Officials say King Fahd in stable condition

RIYADH (AFP) — King Fahd, the ruler of oil powerhouse Saudi Arabia, remained in hospital Saturday with a lung infection as worries about his health sent crude prices higher and the authorities insisted there was no cause for concern.
“His condition is stable… The results of medical tests make us reassured,” Foreign Minister Prince Saud Faisal told reporters.

It was the first official reference to the outcome of the examinations conducted after King Fahd was transferred to the King Faisal Specialist Hospital Friday evening.

The monarch, believed to be 84, has been frail since suffering a stroke a decade ago and has delegated the running of day-to-day affairs to his half-brother, Crown Prince Abdullah.

Prince Saud did not give details, but official sources earlier told AFP King Fahd had a lung infection.

Prince Abdullah, who is expected to eventually succeed King Fahd, has long represented Riyadh at such meetings and in talks with world leaders, visiting US President George W. Bush at his Texas ranch last month for the second time in three years.

The foreign minister’s remarks were in line with previous official statements reporting that King Fahd was in good shape after being admitted to hospital for medical tests.

Officials also dismissed reports that a state of alert has been declared in the vast kingdom, which has been battling a wave of violence by suspected Al Qaeda militants for the past two years.

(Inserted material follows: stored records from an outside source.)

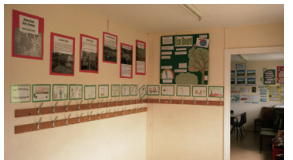
▲圖12、教室外的牆上有變電所的發展歷程圖說、學生作品展示，以及貼心的掛鉤設備

艾瑪遜田野中心因地理環境資源較差，又為一單日型中心，存在著生存競爭上的壓力，但只要夠用心、想方設法的擴展客源、精進產品內容，還是可以營運一個中心使其收支得以達到平衡，這是很值得我們學習且敬佩的地方。🌱
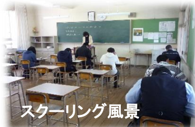
スクーリング風景

人生とは自転車のようなものだ、倒れないようにするには走らなければならない。 (アインシュタイン ドイツ 理論物理学者 ノーベル物理学賞受賞)
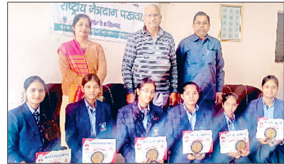
रोहताक। विजेताओं को सम्मानित करते भारत विकास परिषद शाखा के सदस्य।
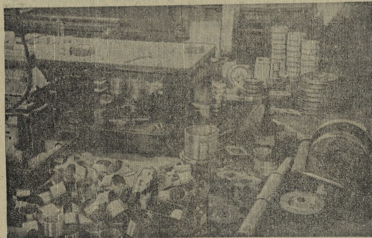
Так хранятся заготовка и готовые детали в механическом цехе СТЗ.
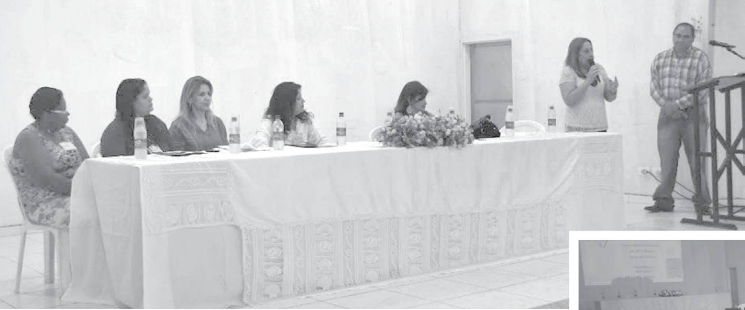
Encontro reuniu profissionais da assistência social e autoridades
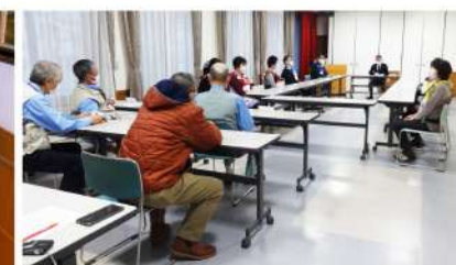
▲避難訓練終了後の振替りの様子です

深夜0時に1階介護事務室から火災が発生した想定で訓練を行いました。深夜の火災では、消火や通報、入居者の避難誘導を数名の職員だけで行わなければならないため、緊張感のある訓練でした。訓練終了後には、消防計画(マニュアル)の見直しに向けて、振り返りをおこないました。
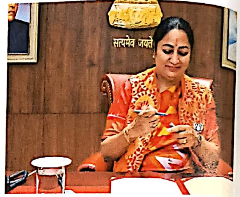
7 दिल्ली: नया चेहरा, नई सत्ता
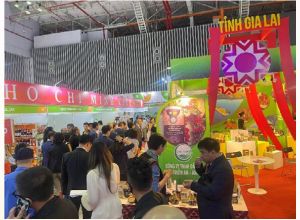
Gian hàng tỉnh Gia Lai tham gia Hội chợ Foodexpo tại Thành Phố Hồ Chí Minh.

là hoạt động nằm trong chương trình cấp Quốc gia về xúc tiến thương mại hàng năm, đây là sự kiện quan trọng giúp các doanh nghiệp trong tỉnh Gia Lai có nhiều cơ hội tiếp cận được với nhiều đối tác của các nước trong khu vực Asean, khai thác tối đa lợi ích khu vực tự do mậu dịch Asean - Trung Quốc đem lại. Trung Quốc là thị trường mơ ước của rất nhiều Doanh nghiệp với nhiều quốc gia, nền kinh tế Trung Quốc đang phát triển mạnh
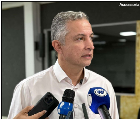
Deputado estadual Faissal Cail, do Cidadania
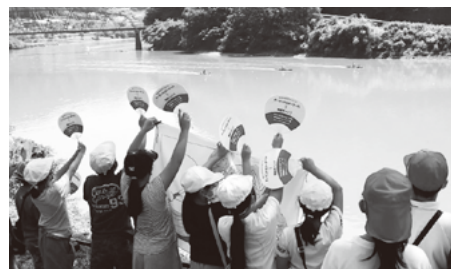
(2021年7月) 东京奥运波兰皮划艇队的公开训练 小朋友们拿着亲手制作的波兰国旗小扇子 为他们加油
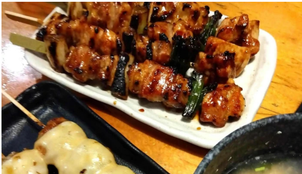
鳥貴族 長岡天神店 口コミ
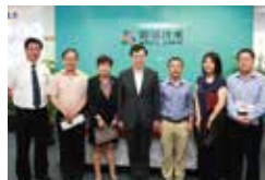
时任上海市杨浦区区长诸葛宇杰一行来访

2019年12月19日,上海市委常委、副市长吴清、市经济信息化委总工程师刘平等一行莅临微谱。

“We have a law of governance. There is a crown prince, and if you ask any Saudi who will be the next king, he will answer you,” a senior Saudi official told AFP on condition of anonymity, referring to a document promulgated by King Fahd in 1992.

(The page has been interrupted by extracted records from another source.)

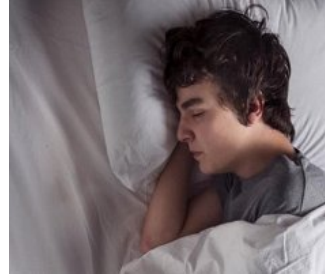
هل تعلم لماذا نستيقظ في نفس الوقت من كل ليلة؟
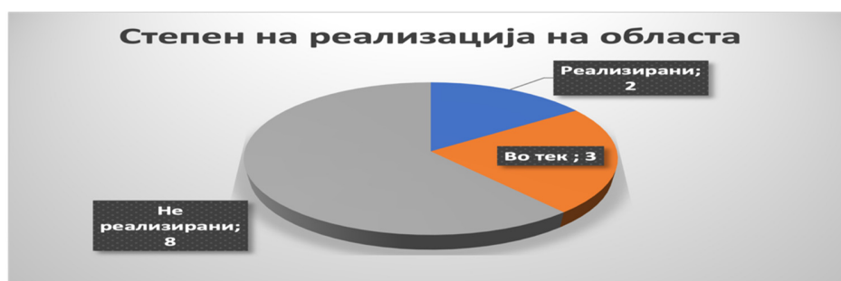
Слика 43: Вкупен степен на реализација во секторот

Од вкупно 13 активности кои се предвидени во Стратегијата за секторот економија и бизнис, две активности се реализирани (15%), осум активности не се реализирани (61%), а три активности се во тек (24%). За овој извештаен период предмет на евалуација се сите 13 активности.
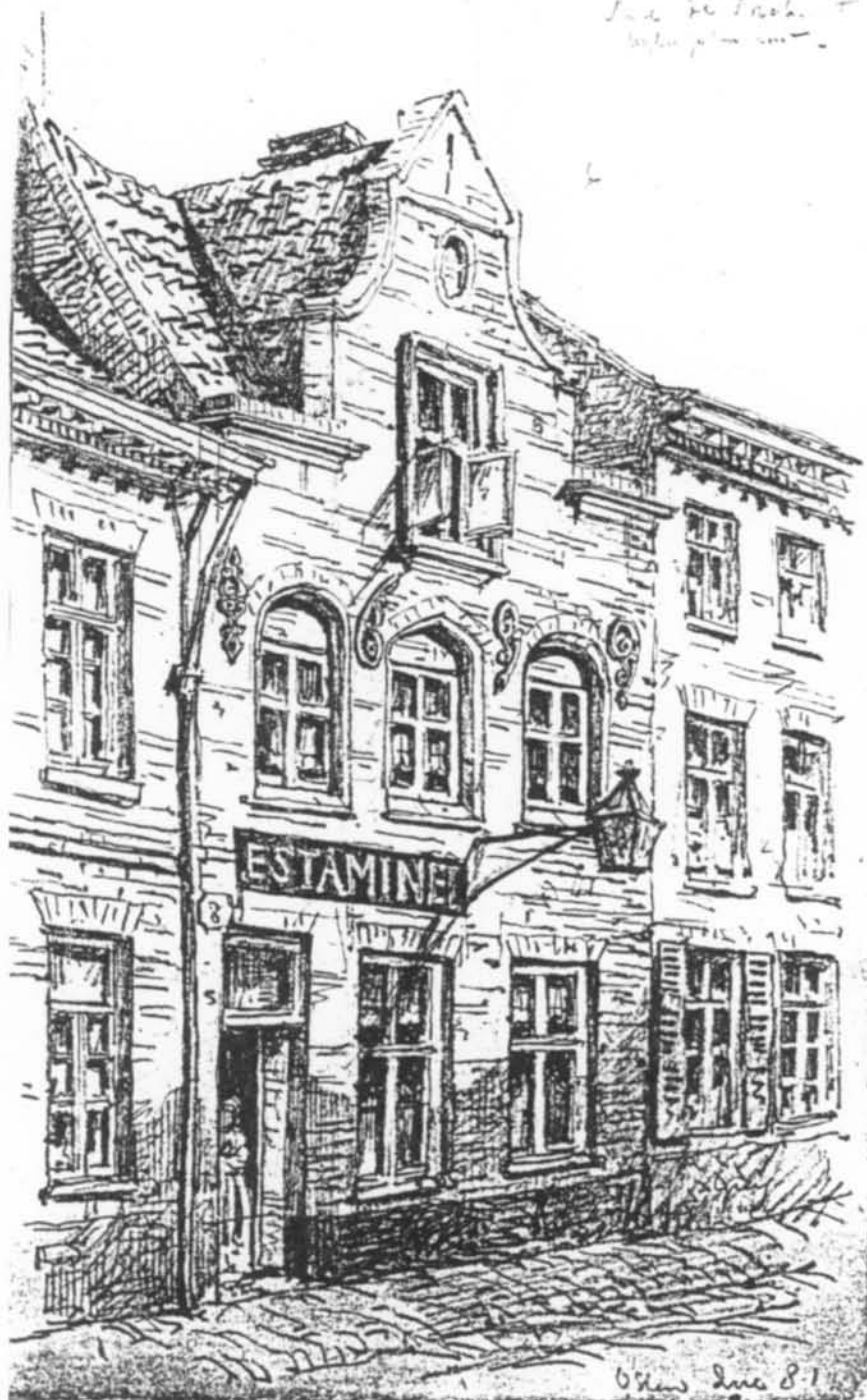
Estaminet "Het Zeepaard" in de Brabantstraat nr. 8 (gedateerd June 1881)

The situation on the streets of the capital was normal with no apparent extra police deployment except outside the hospital where the monarch was being treated and as part of arrangements for the Gulf summit.

“People don’t expect anything abnormal to happen. So there was actually no need to take any extra security measure whatsoever,” Interior Ministry Spokesman Mansur Turki told AFP. He had earlier denied reports that a state of alert was declared in the kingdom, which sits on a quarter of global oil reserves.

But oil markets reacted nervously to the news from Saudi Arabia, which is currently pumping 9.5 million barrels per day and has declared readiness to hike production to meet surging global demand.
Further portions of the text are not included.